§ Task prompt: In the material below, the lines between the one holding "med de skønneste" and the one holding "2、挑选【剑】【手枪】【手里", inclusive, are to be set down word for word. Pictures stay out.

§ Supplied records:
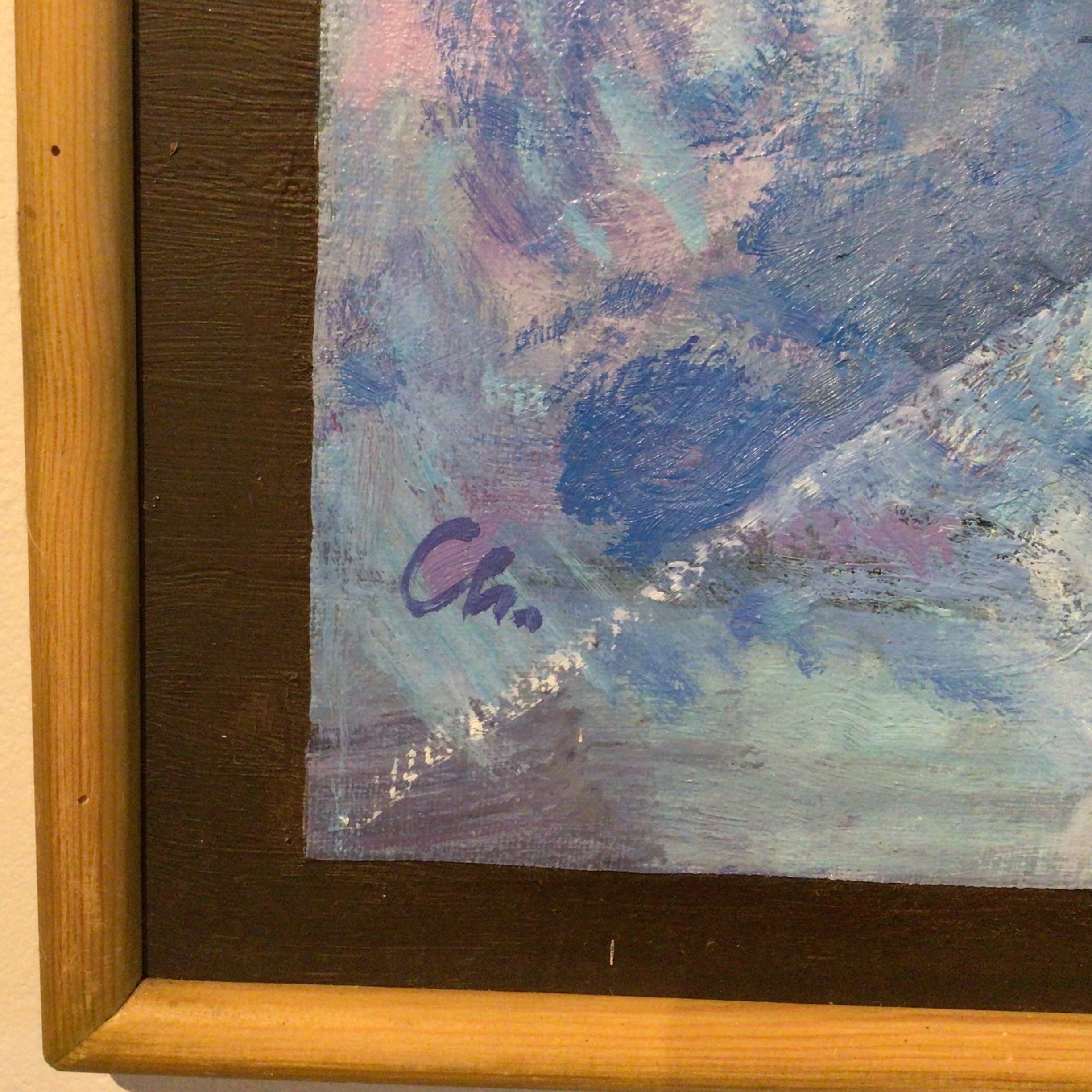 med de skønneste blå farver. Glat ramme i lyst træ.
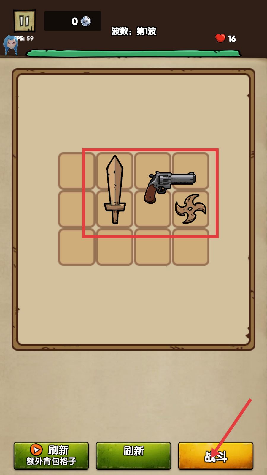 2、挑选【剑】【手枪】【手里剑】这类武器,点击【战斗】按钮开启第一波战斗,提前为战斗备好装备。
---
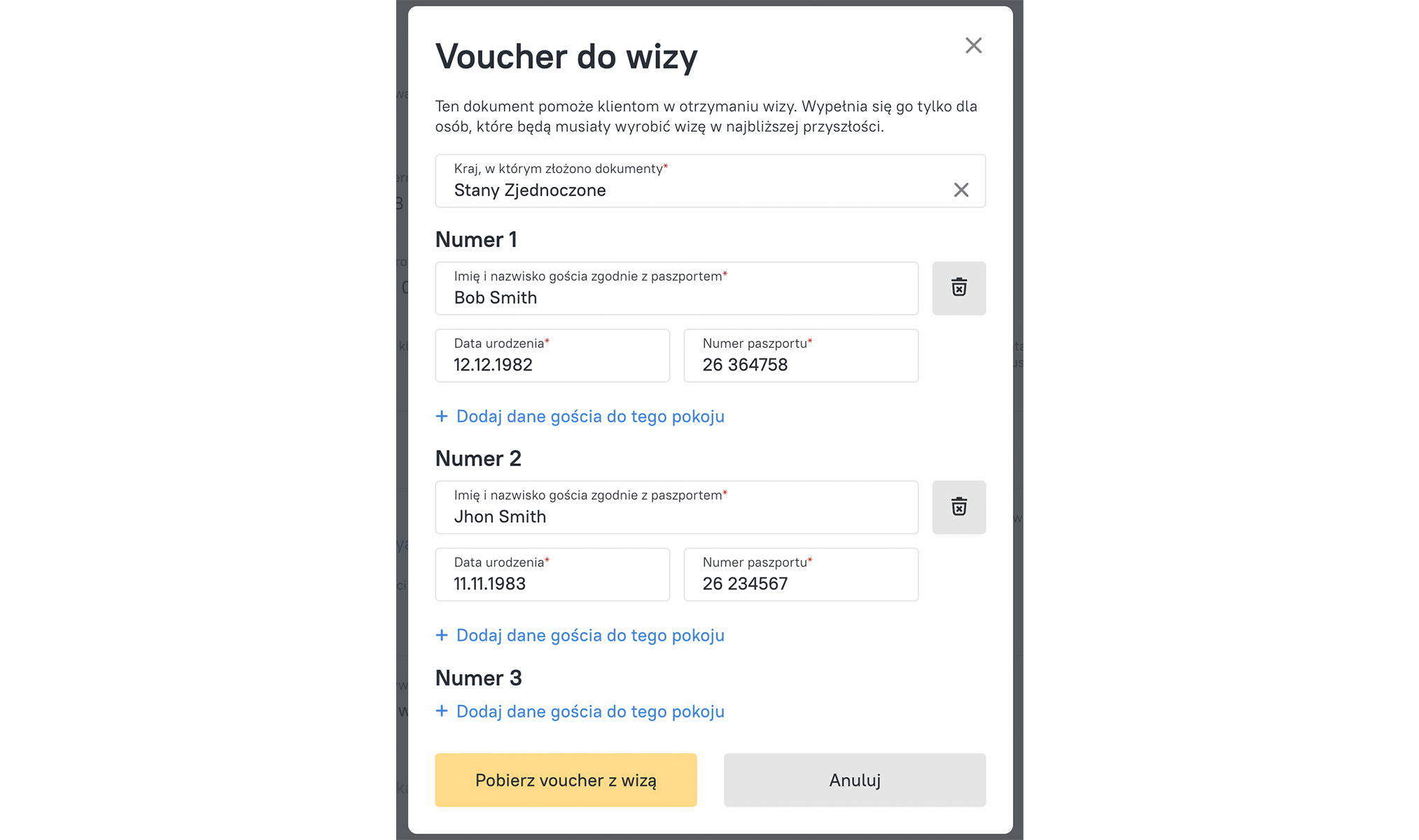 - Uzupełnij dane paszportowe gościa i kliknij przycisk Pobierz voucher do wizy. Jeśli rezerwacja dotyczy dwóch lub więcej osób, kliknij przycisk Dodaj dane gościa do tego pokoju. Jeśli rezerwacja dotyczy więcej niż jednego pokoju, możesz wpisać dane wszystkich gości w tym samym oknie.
==
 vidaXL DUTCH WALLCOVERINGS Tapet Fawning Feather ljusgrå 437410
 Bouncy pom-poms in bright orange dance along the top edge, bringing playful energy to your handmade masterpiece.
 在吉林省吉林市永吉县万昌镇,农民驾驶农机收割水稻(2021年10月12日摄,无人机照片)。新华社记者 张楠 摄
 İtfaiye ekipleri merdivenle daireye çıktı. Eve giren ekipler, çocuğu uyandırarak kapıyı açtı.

§ Answer area:
 med de skønneste blå farver. Glat ramme i lyst træ.
 2、挑选【剑】【手枪】【手里剑】这类武器,点击【战斗】按钮开启第一波战斗,提前为战斗备好装备。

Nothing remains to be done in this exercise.